The Fed limited how much debt small firms can have before qualifying for Main Street program loans. It is requiring banks to hold 5% of each loan to insulate itself from becoming a dumping ground for bad debts. Borrowers will face restrictions on executive compensation and dividend payments. The Treasury will take the first $75 billion of any losses.
One danger is that the Fed revives Wall Street, where its tools have been tested, while the Main Street program falls short, says Glenn Hubbard, a Columbia economics professor who was chairman of the Council of Economic Advisers under President George W. Bush.
“I’m really worried it’s not going to work,” he says, noting that would be a reputational blow to the central bank.
Unlike in the 2008 bailouts, where the Fed and Treasury turned profits on bank rescues, Mr. Hubbard says, officials shouldn’t be concerned about recouping the Treasury’s investment. “If the Fed doesn’t lose money,” he says, “that says they weren’t lending to borrowers who needed the money.”
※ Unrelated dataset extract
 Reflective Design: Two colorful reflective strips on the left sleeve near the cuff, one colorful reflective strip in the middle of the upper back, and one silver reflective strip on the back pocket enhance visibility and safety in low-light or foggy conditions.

Another danger is that Congress gets used to asking the Fed to intervene. The central bank has aggressively guarded its independence, especially after it succumbed to President Nixon’s pressure to goose the economy ahead of the 1972 election and was later blamed for the resulting inflation.
Already, lawmakers are pressing the Fed to bail out particular sectors. On Friday, Sen. Ted Cruz (R., Texas) sent a letter to Mr. Powell asking the central bank to come up with ways to lend to oil-and-gas companies that have too much debt to qualify for existing Fed programs. Mr. Powell recently said the Fed’s authorities wouldn’t permit such rescues.
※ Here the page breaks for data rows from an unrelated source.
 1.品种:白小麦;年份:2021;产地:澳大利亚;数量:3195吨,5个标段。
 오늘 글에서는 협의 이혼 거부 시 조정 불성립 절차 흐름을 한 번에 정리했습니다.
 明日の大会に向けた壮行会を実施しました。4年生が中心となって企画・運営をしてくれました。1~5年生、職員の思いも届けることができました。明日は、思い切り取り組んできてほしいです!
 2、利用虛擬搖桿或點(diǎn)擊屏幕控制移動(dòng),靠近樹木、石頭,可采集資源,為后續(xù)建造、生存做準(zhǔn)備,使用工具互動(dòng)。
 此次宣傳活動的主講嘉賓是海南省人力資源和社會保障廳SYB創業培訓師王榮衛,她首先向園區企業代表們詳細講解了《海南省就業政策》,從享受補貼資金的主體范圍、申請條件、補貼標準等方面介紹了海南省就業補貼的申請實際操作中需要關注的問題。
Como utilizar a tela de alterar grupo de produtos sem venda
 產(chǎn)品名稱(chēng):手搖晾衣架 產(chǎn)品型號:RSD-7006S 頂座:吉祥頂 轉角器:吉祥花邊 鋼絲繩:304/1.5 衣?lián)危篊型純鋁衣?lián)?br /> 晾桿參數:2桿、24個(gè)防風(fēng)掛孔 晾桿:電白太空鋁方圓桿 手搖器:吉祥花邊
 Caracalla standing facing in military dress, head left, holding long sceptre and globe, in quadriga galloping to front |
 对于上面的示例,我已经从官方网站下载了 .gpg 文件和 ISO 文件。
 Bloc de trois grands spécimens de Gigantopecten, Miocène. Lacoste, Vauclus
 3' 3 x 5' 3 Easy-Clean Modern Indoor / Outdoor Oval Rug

Last month, Fed lawyers helped nix legislative language that would have had Congress explicitly directing the Fed to launch lending programs, according to people familiar with the negotiations. Instead, Congress provided money to the Treasury that the Treasury could use in collaboration with the Fed at the discretion of both.
Mr. Toomey, who consulted with Fed officials during the negotiations, says he hopes Congress made clear such coordination was reserved for emergencies: “You have to be concerned about the precedents.”
The Fed’s actions represent a level of cooperation with Congress and Treasury not seen since World War II. Back then, the central bank held down long-term interest rates to help finance war spending and the recovery. The Fed successfully pressured the Truman administration to agree in 1951 to end that policy.
Treasury and Fed coordination during World War II “was the right thing to do, but it was hard to undo,” says Jeremy Stein, a former Fed governor who chairs Harvard University’s economics department. “You can imagine a similar thing playing out here.”
Ms. Yellen says such concerns can be overstated. She and former Fed Chairman Ben Bernanke say the Fed’s independence would be more seriously imperiled if it didn’t act boldly to protect the economy.
“This is why the Federal Reserve was invented,” says Ms. Yellen, “to do emergency lending in a crisis.”